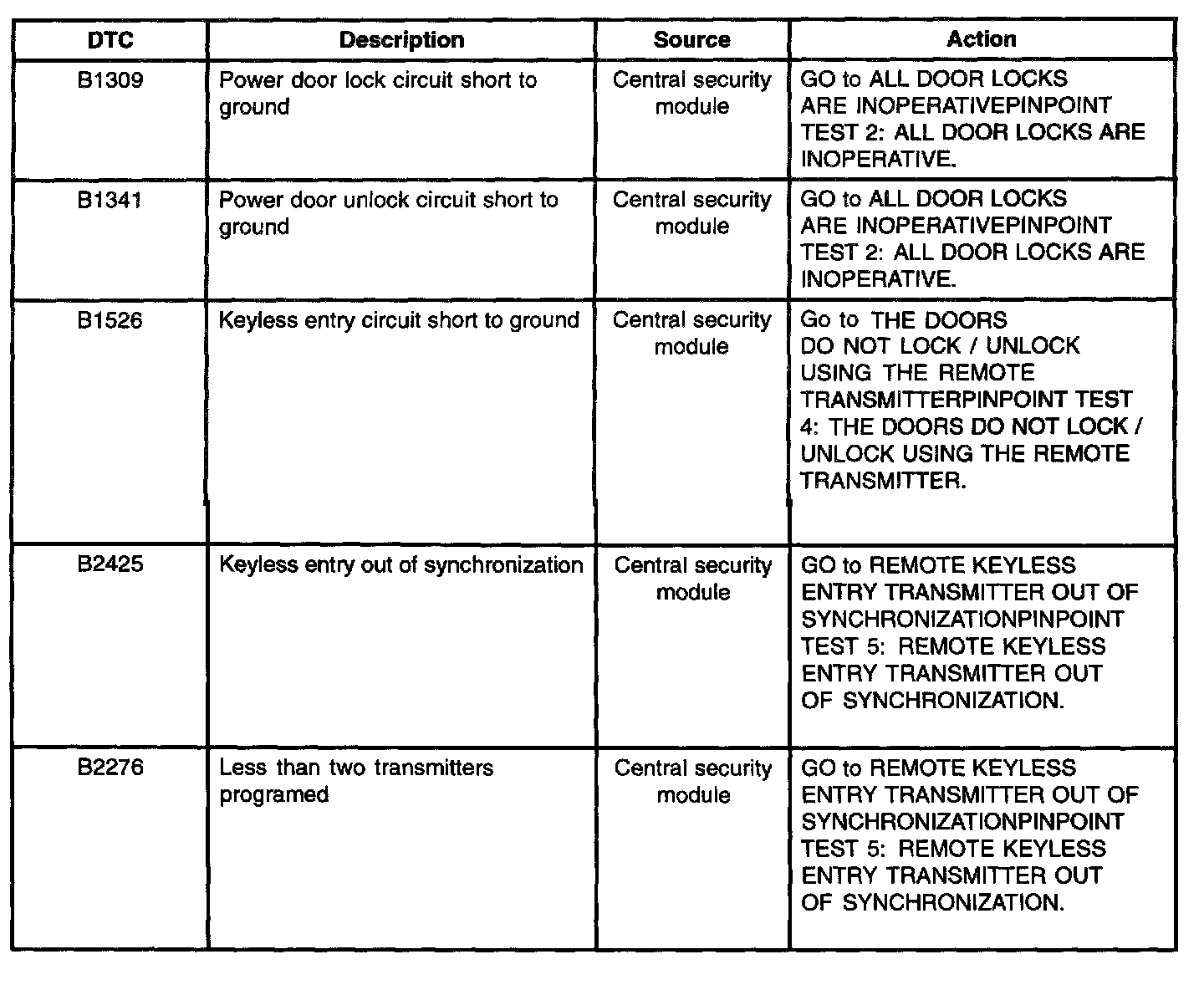 Central Security Module Diagnostic Trouble Code (DTC) Index:
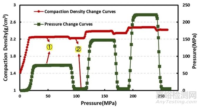 圖2.樣品壓實(shí)密度隨壓力變化的示意圖
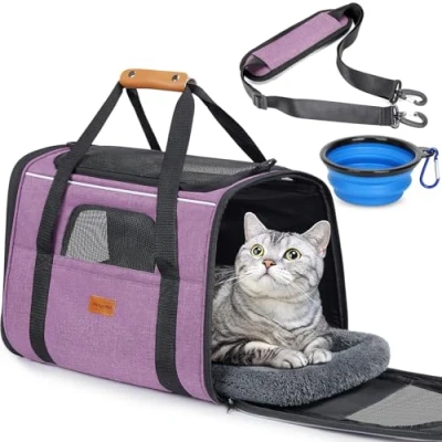 GREAT DESIGN: This portable pet carrier is made of durable, high-grade polyester. It features breathable mesh on all three sides to ensure normal air circulation inside the box. There’s also a small pocket on the outside of the bag for storing small items. Plus, a support board helps keep the carrier in good shape. PRACTICAL AND PORTABLE: Measuring 42.9 x 30 x 33cm (16.9’‘1.8’‘x 13’'), this carrier is recommended for pets up to 7kg/15 lbs (please measure your pet’s size and weight before purchasing). It comes with a folding blue bowl and a soft cushion for added convenience. Lightweight and easy to carry, this bag lets you take your pet anywhere for a wonderful and happy trip. EASY TO CLEAN: The dark color of this pet carrier makes it less prone to showing dirt and stains. You can easily clean the surface with a soft brush. The soft cushion inside the bag is removable and can be washed by hand or machine, making it easy to keep everything clean and fresh. VERSATILE: Use it as a tote bag or shoulder bag with the adjustable strap. The carrying handles feature a padded grip for comfortable handling. Perfect for transportation by car, train, plane, and more. In addition to carrying pets, you can also use it to transport other items such as clothes and shoes. BREATHABLE AND SAFE: Morpilot’s breathable and ventilated design allows pets to breathe easily and observe their surroundings. This helps reduce anxiety and creates a more comfortable travel experience for your furry friend. No matter when or where you use it, this carrier keeps your pet safe and secure.
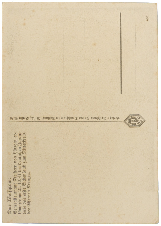 PHYSICAL DESCRIPTION: Roughly, 10.5cm x 15cm light-weight cardstock, colour artwork postcard features a close up of Knight’s Cross of the Iron Cross and Oak-Leaves, Generalleutnant Freiherr von Lützow. The reverse of the unused postcard has black printed script that includes, "Verlag: Volksbund für das Deutschtum im Ausland", Publisher: (National League for Germans Abroad). The postcard was produced by the VDA,. The artist was Kurt Worfgram.
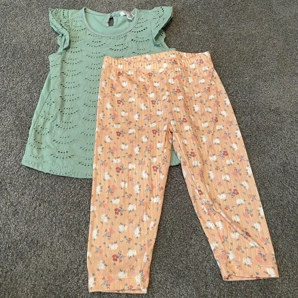 Cute outfit I washed and we never wore! Has bunnies on the pants. So perfect for Easter time. Super soft material.
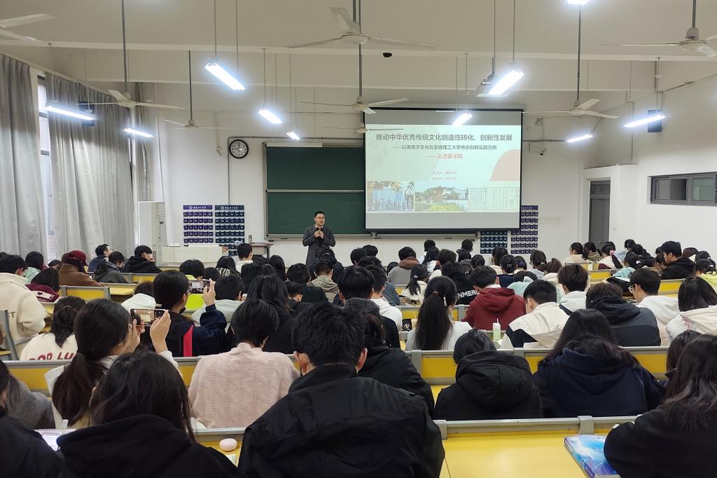 杨志华以《推动中华优秀传统文化创造性转化、创新性发展——淮南子文化在安徽理工大学传承创新实践为例》为题,结合《淮南子》这本历史经典著作的形成背景,介绍了其在中国古代思想文化史上的重要意义,重点讲述了《淮南子》的社会价值,如成语典故、二十四节气的文化等,图文并茂地讲解了耳熟能详、流传甚广的成语典故的诞生和推衍故事,让学员们对淮南的悠久历史和深厚文化有了进一步的理解,也感受到淮南这座城市独有的魅力。
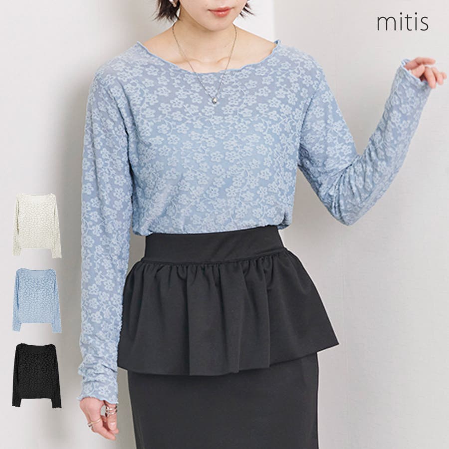 【Tシャツ 長袖 レディース 花柄 シアー クルーネック ロンT 春 20代 30代 40代 50代】
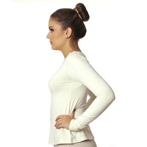Blusa feminina manga longa decote canoa evasê, cor palha clássica, em tecido LIGHT CO2 biodegradável (fio AMNI SOUL ECO, o primeiro fio de nylon biodegradável do mundo), com fator de proteção solar 50FPS+ UVA e UVB.
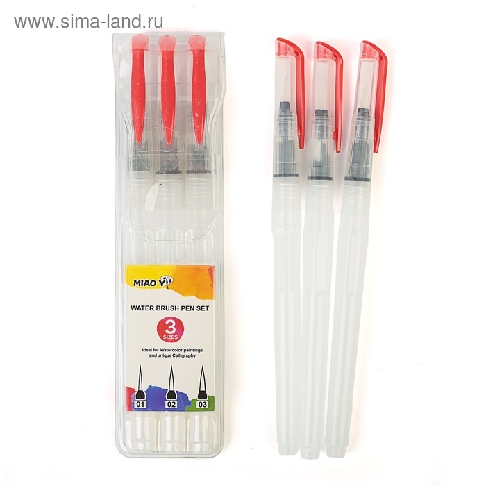 Набор кистей каллиграфических, синтетика круглая, 3 штуки (№ 1, 2, 3), с резервуаром
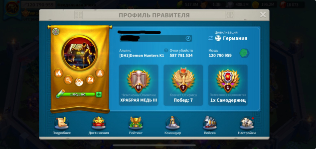 Подробное описание: 120 Миллионов мощи, VIP14 не донатный аккаунт VIP делал своими силами. 6 командиров с экспертным навыков ещё 1 на 555 и СянЮй на 55 потому что он у меня полевой и его дальше можно не качать. Ресурсов не очень много. Ускорений нет, были потрачены на пик мощи недавно. Аккаунт личный 5 лет игры. Продаю потому что надоела игра, если передумаю отменю продажу)
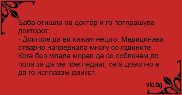 - Докторе да ви кажам нешто. Медицинава стварно напреднала многу со годините. Кога бев млада морав да се соблечам до пола за да ме прегледаат, сега доволно е да го исплазам јазикот.
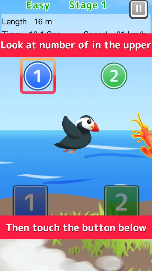 And help the fly birds (Etupirka / Tufted puffin), and try to move to the location of the shrimp!

Exercise directions
For the data above, set down exactly the lines from the line with "30代 40代 50代】" to the line with "Набор кистей каллиграфических, синтетика", both included, leaving pictures out.

Expected answer
 【Tシャツ 長袖 レディース 花柄 シアー クルーネック ロンT 春 20代 30代 40代 50代】
Blusa feminina manga longa decote canoa evasê, cor palha clássica, em tecido LIGHT CO2 biodegradável (fio AMNI SOUL ECO, o primeiro fio de nylon biodegradável do mundo), com fator de proteção solar 50FPS+ UVA e UVB.
 Набор кистей каллиграфических, синтетика круглая, 3 штуки (№ 1, 2, 3), с резервуаром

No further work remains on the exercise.